# Working data:
++++++++++++++++++++

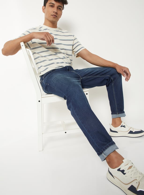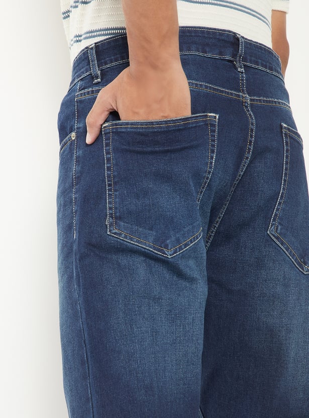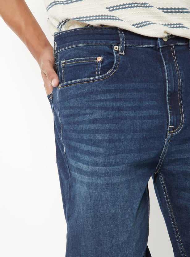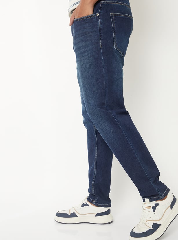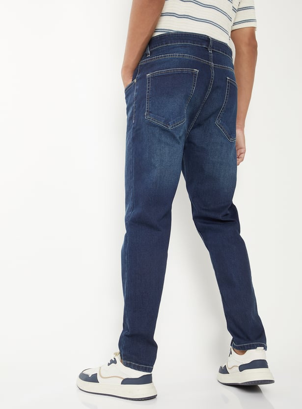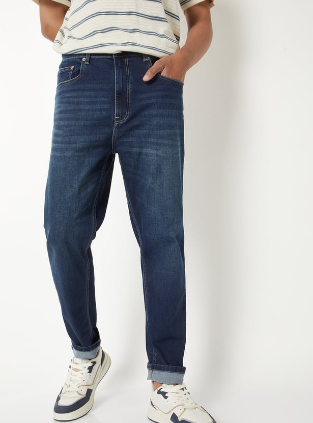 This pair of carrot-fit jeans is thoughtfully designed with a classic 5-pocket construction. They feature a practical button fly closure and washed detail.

++++++++++++++++++++

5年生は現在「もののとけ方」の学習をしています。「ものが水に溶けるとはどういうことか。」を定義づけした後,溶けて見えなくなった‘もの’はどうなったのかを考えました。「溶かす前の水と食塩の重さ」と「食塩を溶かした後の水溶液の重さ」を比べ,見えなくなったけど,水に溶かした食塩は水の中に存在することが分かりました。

++++++++++++++++++++

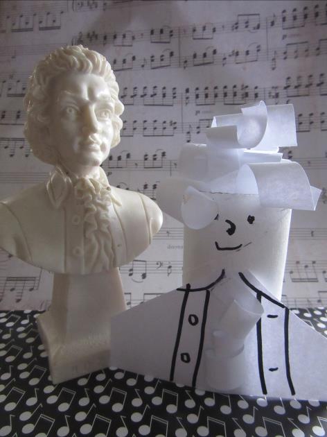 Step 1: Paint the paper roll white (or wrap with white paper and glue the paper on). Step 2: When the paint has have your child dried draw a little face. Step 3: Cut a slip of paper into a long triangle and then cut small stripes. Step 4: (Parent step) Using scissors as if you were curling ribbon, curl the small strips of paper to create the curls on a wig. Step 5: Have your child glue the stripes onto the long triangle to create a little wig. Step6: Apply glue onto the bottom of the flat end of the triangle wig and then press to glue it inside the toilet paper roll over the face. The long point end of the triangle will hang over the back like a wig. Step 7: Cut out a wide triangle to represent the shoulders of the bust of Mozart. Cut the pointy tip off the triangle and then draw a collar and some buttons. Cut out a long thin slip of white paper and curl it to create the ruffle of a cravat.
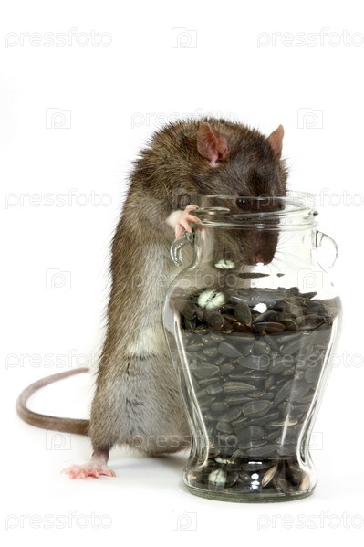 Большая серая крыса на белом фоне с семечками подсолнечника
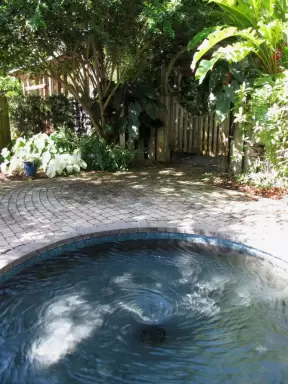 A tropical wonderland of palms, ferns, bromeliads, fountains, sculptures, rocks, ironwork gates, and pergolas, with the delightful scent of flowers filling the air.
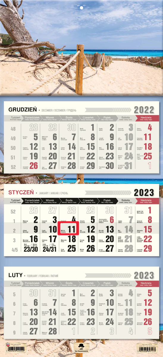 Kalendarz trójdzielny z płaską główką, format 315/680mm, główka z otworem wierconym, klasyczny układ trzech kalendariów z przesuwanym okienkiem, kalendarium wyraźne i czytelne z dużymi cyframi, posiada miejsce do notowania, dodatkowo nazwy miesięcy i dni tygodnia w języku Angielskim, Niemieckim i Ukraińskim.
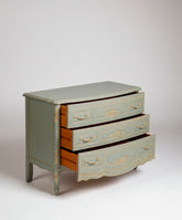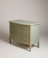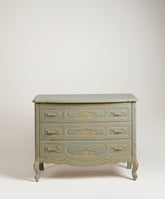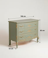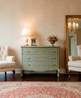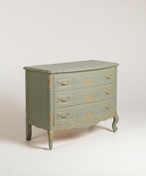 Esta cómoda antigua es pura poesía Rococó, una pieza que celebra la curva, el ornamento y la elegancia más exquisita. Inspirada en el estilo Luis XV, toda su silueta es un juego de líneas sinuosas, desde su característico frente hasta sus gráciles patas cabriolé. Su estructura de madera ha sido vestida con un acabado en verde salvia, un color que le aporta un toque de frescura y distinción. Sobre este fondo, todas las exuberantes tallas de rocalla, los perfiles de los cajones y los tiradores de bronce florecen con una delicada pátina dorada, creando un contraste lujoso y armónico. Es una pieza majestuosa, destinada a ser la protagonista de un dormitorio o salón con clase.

++++++++++++++++++++

# What to work on:
Beginning at the line above that contains "Kalendarz trójdzielny z" and going on through the line that contains "Esta cómoda antigua", please copy every line exactly, leaving the pictures out and adding nothing.

# Written response:
 Kalendarz trójdzielny z płaską główką, format 315/680mm, główka z otworem wierconym, klasyczny układ trzech kalendariów z przesuwanym okienkiem, kalendarium wyraźne i czytelne z dużymi cyframi, posiada miejsce do notowania, dodatkowo nazwy miesięcy i dni tygodnia w języku Angielskim, Niemieckim i Ukraińskim.
 Esta cómoda antigua es pura poesía Rococó, una pieza que celebra la curva, el ornamento y la elegancia más exquisita. Inspirada en el estilo Luis XV, toda su silueta es un juego de líneas sinuosas, desde su característico frente hasta sus gráciles patas cabriolé. Su estructura de madera ha sido vestida con un acabado en verde salvia, un color que le aporta un toque de frescura y distinción. Sobre este fondo, todas las exuberantes tallas de rocalla, los perfiles de los cajones y los tiradores de bronce florecen con una delicada pátina dorada, creando un contraste lujoso y armónico. Es una pieza majestuosa, destinada a ser la protagonista de un dormitorio o salón con clase.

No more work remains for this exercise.